§ **Problem details**
An exact copy of the data is required. No picture may appear in it.

Extracted records:

┄┄┄┄┄┄┄┄┄┄┄┄┄┄┄┄┄┄┄┄

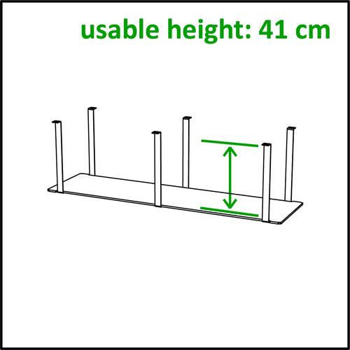 Venta® Shelf, to create storage space under a Buffet Table, STAGE_50_S_164, 3 x U-bolt in steel with powder-coating, shelf plate made in material compact laminate, usable height = 16,1", can be combined with FRONTBLIND_APERTURE_STAGE_S_164 (VE-38059), dimensions 62,2" x 16,9"
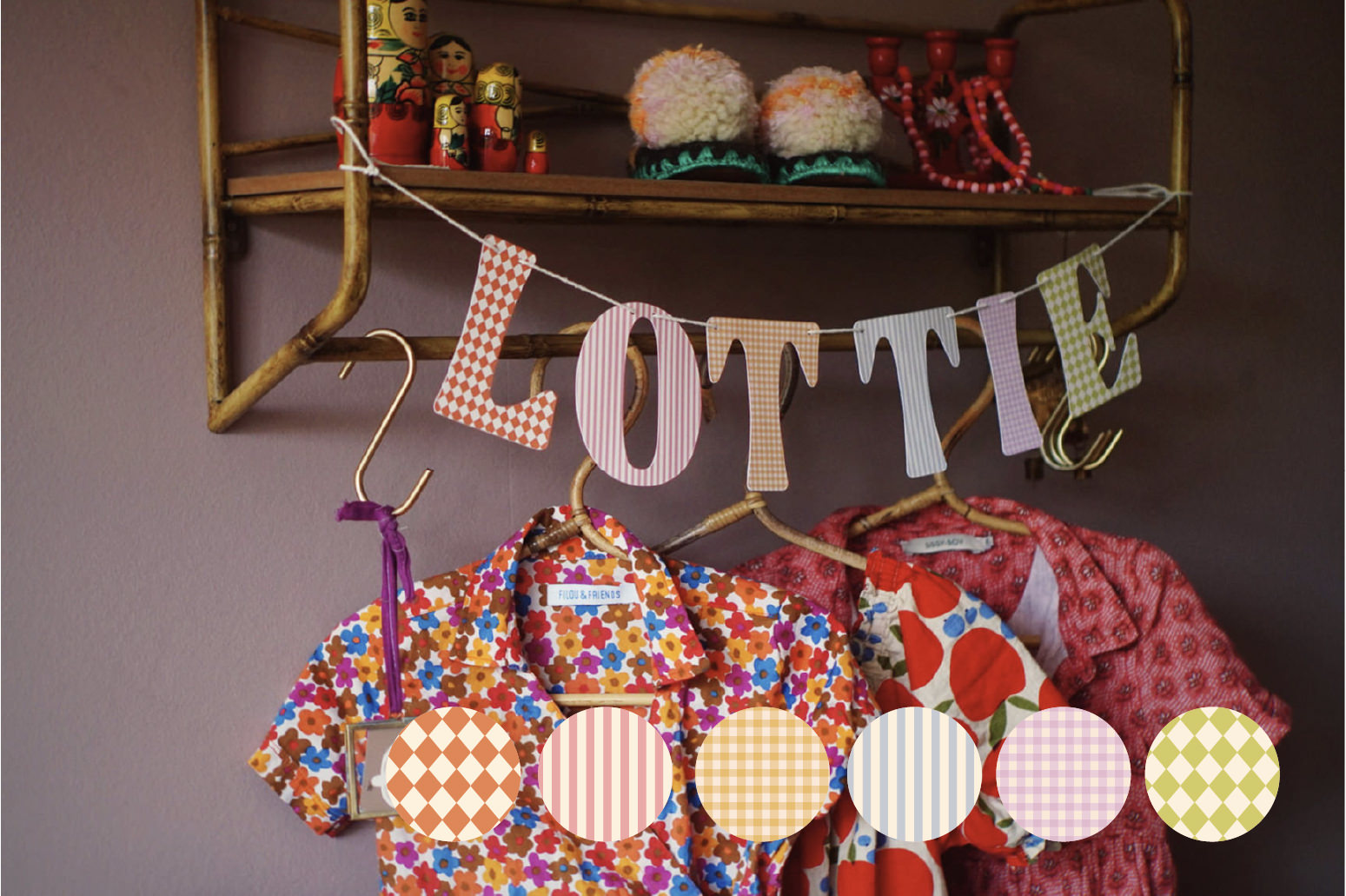 Je bepaalt zelf hoe de slinger eruit komt te zien: kies één patroon voor alle letters of combineer meerdere patronen. Bekijk de foto's voor inspiratie en voorbeelden.
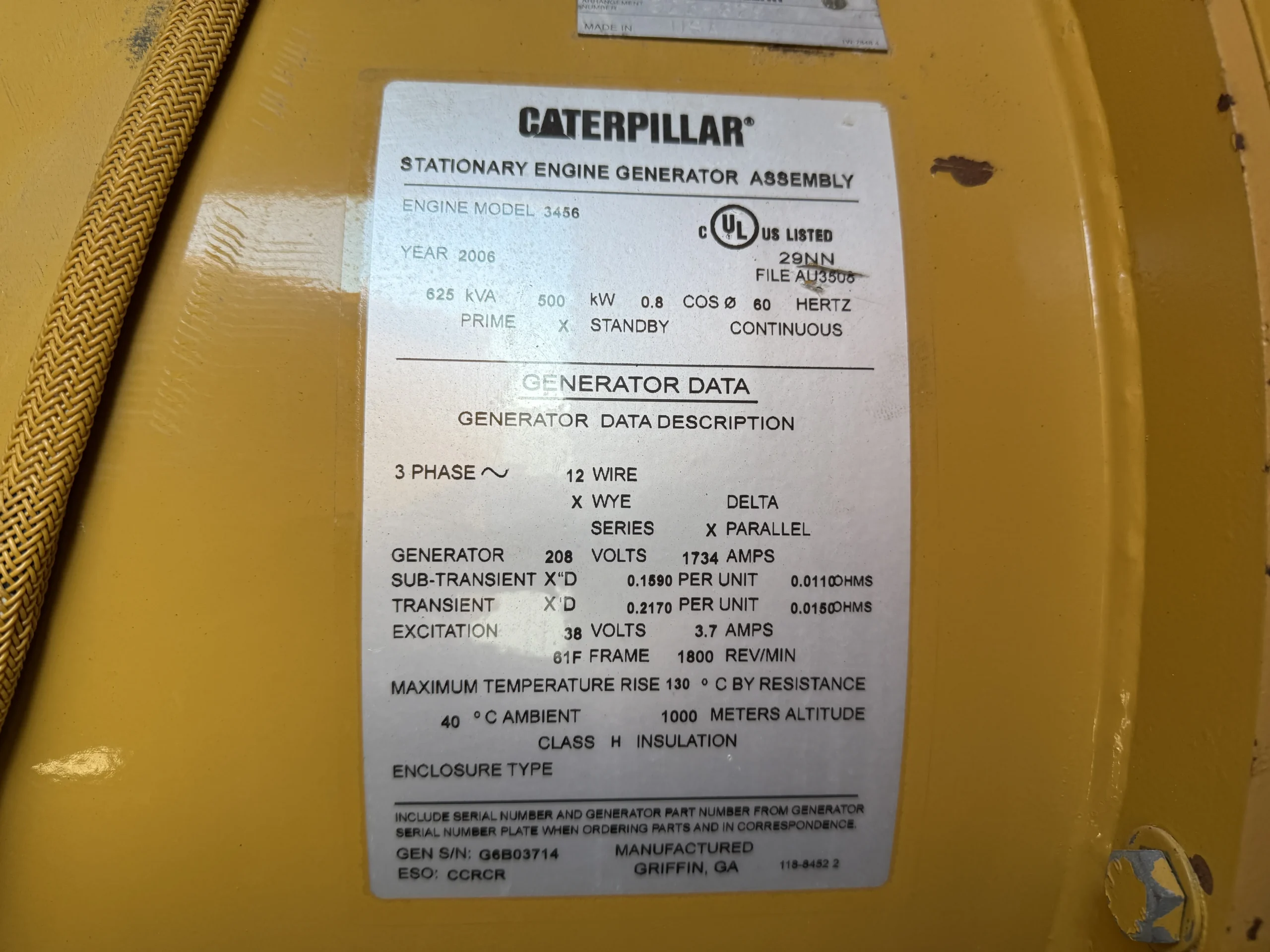 2006 CAT 3456 500kW Diesel Generator Set
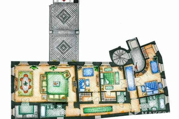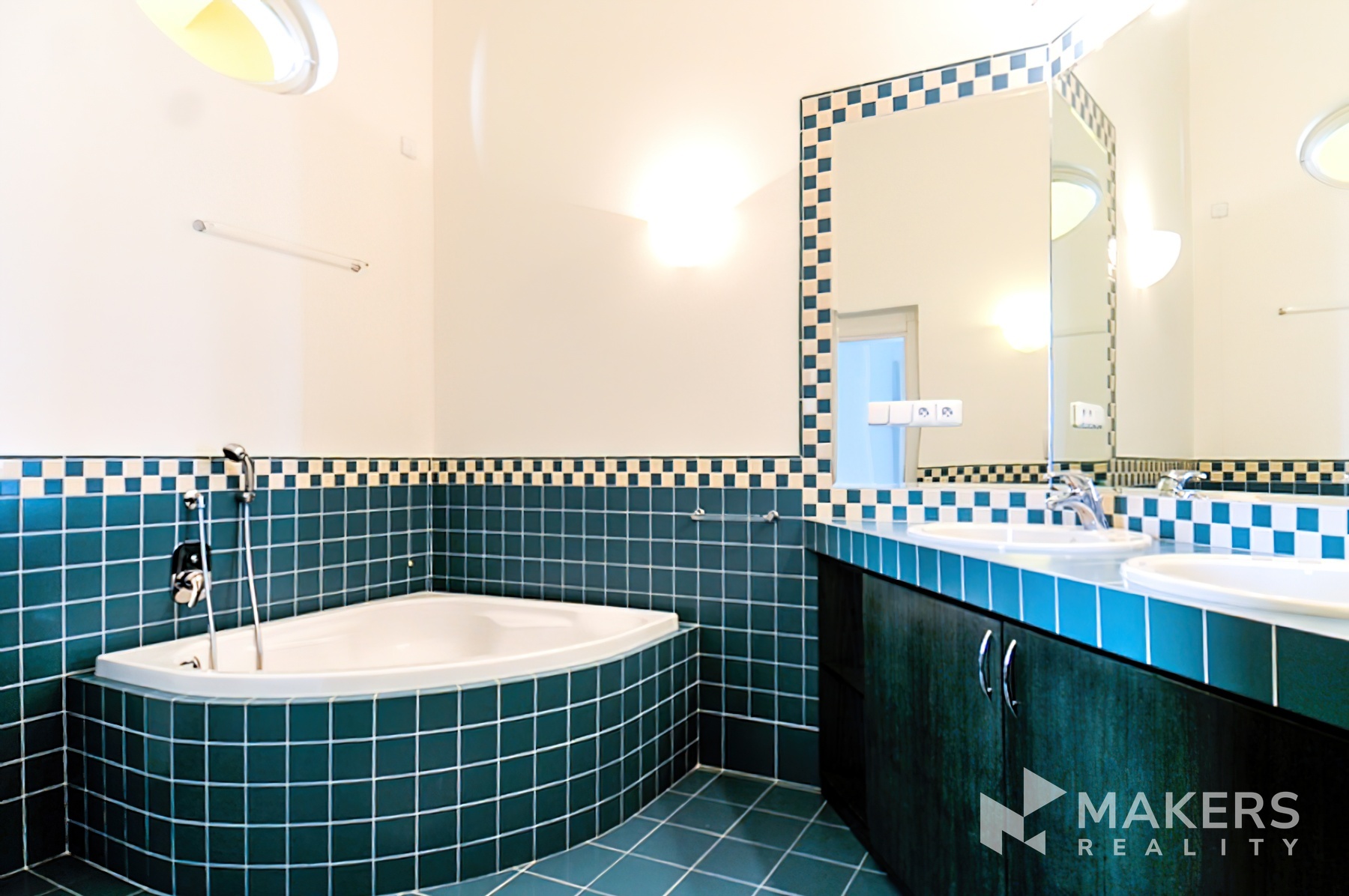 The apartment with a total area of 178 m2 has its own entrance from the courtyard of the building. Entering the apartment through the entrance hall, we can get to the first bedroom with a separate bathroom with bathtub. Further on the left side of the apartment there is a living room with dining room, through which we have access to the kitchen, bathroom with shower and storage room. A great feature of this apartment is the 35 m2 terrace (private garden).
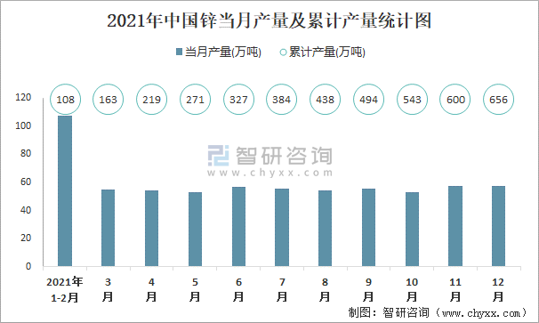 2021年中國鋅當月產量及累計產量統計圖
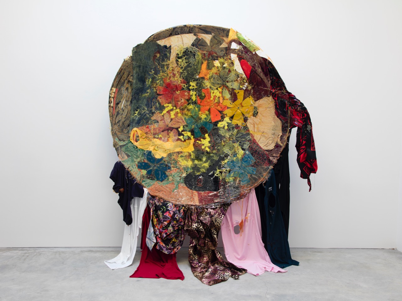 Kevin Beasley, A View of a Reflection, 2017. House dresses, kaftans, t-shirts, socks, du-rags, bandanas, altered garments, altered fitted caps, altered bed sheet, mouth guards, feathers, and resin, 82 ¼ × 178 × 5 ¼ inches. Image courtesy the artist and Casey Kaplan Gallery. Photo: Jason Wyche. © Kevin Beasley.

┄┄┄┄┄┄┄┄┄┄┄┄┄┄┄┄┄┄┄┄

§ **Exercise solution**
 Venta® Shelf, to create storage space under a Buffet Table, STAGE_50_S_164, 3 x U-bolt in steel with powder-coating, shelf plate made in material compact laminate, usable height = 16,1", can be combined with FRONTBLIND_APERTURE_STAGE_S_164 (VE-38059), dimensions 62,2" x 16,9"
 Je bepaalt zelf hoe de slinger eruit komt te zien: kies één patroon voor alle letters of combineer meerdere patronen. Bekijk de foto's voor inspiratie en voorbeelden.
 2006 CAT 3456 500kW Diesel Generator Set
 The apartment with a total area of 178 m2 has its own entrance from the courtyard of the building. Entering the apartment through the entrance hall, we can get to the first bedroom with a separate bathroom with bathtub. Further on the left side of the apartment there is a living room with dining room, through which we have access to the kitchen, bathroom with shower and storage room. A great feature of this apartment is the 35 m2 terrace (private garden).
 2021年中國鋅當月產量及累計產量統計圖
 Kevin Beasley, A View of a Reflection, 2017. House dresses, kaftans, t-shirts, socks, du-rags, bandanas, altered garments, altered fitted caps, altered bed sheet, mouth guards, feathers, and resin, 82 ¼ × 178 × 5 ¼ inches. Image courtesy the artist and Casey Kaplan Gallery. Photo: Jason Wyche. © Kevin Beasley.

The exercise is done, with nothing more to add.